The SEC filed the complaint in this matter on September 29, 2003, alleging securities fraud in violation of section 17(a) of the Securities Act of 1933 (“Securities Act”), 15 U.S.C. § 77q(a); section 10(b) of the Securities Exchange Act of 1934 (“Exchange Act”), 15 U.S.C. § 78j(b), and Rule 10b-5 thereunder, 17 C.F.R. § 240.10b-5; and sections 17(e)(1), 34(a), 34(b) and 37 of the Investment Company Act of 1940 (“Investment Company Act”), 15 U.S.C. §§ 80a-17(e)(1), 33(a), 33(b), and 36. Specifically, Plaintiff alleges the following:

Between August 1998 and July 2002, Lawbaugh diverted in excess of $2 million from 1st Atlantic Guaranty Corporation (“1st Atlantic”) and SBM Certificate Company (“SBM”) through a series of fraudulent transactions. Among other things, Lawbaugh skimmed money from payments made to purchase portfolio assets, directed payments to companies he secretly controlled for services never performed, and altered documents to conceal his fraud.
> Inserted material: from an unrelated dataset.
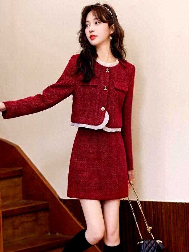 今天乱七八糟来分享一通!总有一款是你的菜!小香风先来!这酒红小香风套装绝绝子!

As a result, SBM materially misstated its financial condition and reserve levels, among other misinformation, in registration statements, prospectuses and other filings with the Commission.
In addition, beginning in at least 1997, Lawbaugh misappropriated in excess of $1 million from several individual investors by falsely representing to them that he would invest their funds in 1st Atlantic’s face-amount certificates. He never invested their money as represented but converted these monies to his own use by depositing the funds into his own personal accounts. He further deceived them by preparing and disseminating false account statements, which he was still sending out as late as the Fall of 2002.

Paper no. 19, at 1-2.

II. Default

In filing the instant motion, Plaintiff, who requests injunctive relief, disgorgement, and a civil penalty, has complied with the requirement that, after obtaining entry of default by the clerk pursuant to Rule 55(a), a party seeking default judgment and relief other than a “sum certain” apply to the court. Rule 55(b)(2).
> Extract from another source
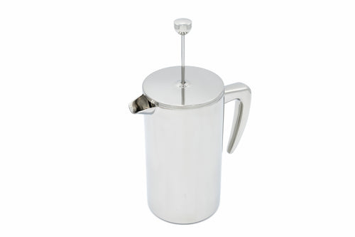 The DUBLIN stainless steel French press offers durability and style. It is double wall insulated and made from 18/8 stainless steel. Additionally, it’s designed to keep your coffee hot for long periods of time. The press exterior is a shiny mirror finish that is highly polished. Also, the DUBLIN has a one-liter (1000 ml/ 34 fl. oz) capacity perfect for making two to three large cups of coffee.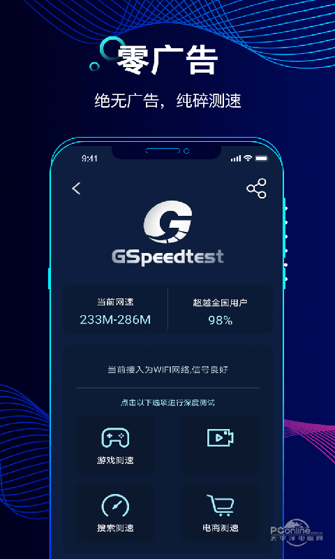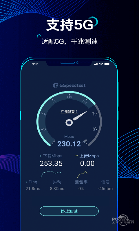 官方首批支持双千兆测速软件,是一款完全按照工信部行业标准开发的专业测网速工具.支持2G/3G/4G/5G网络测速、WiFi网络测速,可以让你随时随地了解自己的网络情况,安装快捷,操作简单,一键测速,测速服务器多,你可以手动选择自己想要的测速服务器进行测试,测试结果清晰明了,结果呈现下载速率、上传速率、Ping时延、抖动、丢包率以及信号的强弱情况.

Entry of default judgment is left to the discretion of the court. Dow v. Jones, 232 F.Supp.2d 491, 494 (D.Md. 2002). The Fourth Circuit has a “strong policy” that “cases be decided on their merits,” Dow, 232 F.Supp.2d at 494-95 (citing United States v. Shaffer Equip. Co., 11 F.3d 450, 453 (4th Cir.1993)), but default judgment may be appropriate when the adversary process has been halted because of an essentially unresponsive party. *422 See Jackson v. Beech, 636 F.2d 831, 836 (D.C.Cir.1980) (quoting H.F. Livermore Corp. v. Aktiengesellschaft Gebruder Loepfe, 432 F.2d 689, 691 (D.C.Cir.1970)).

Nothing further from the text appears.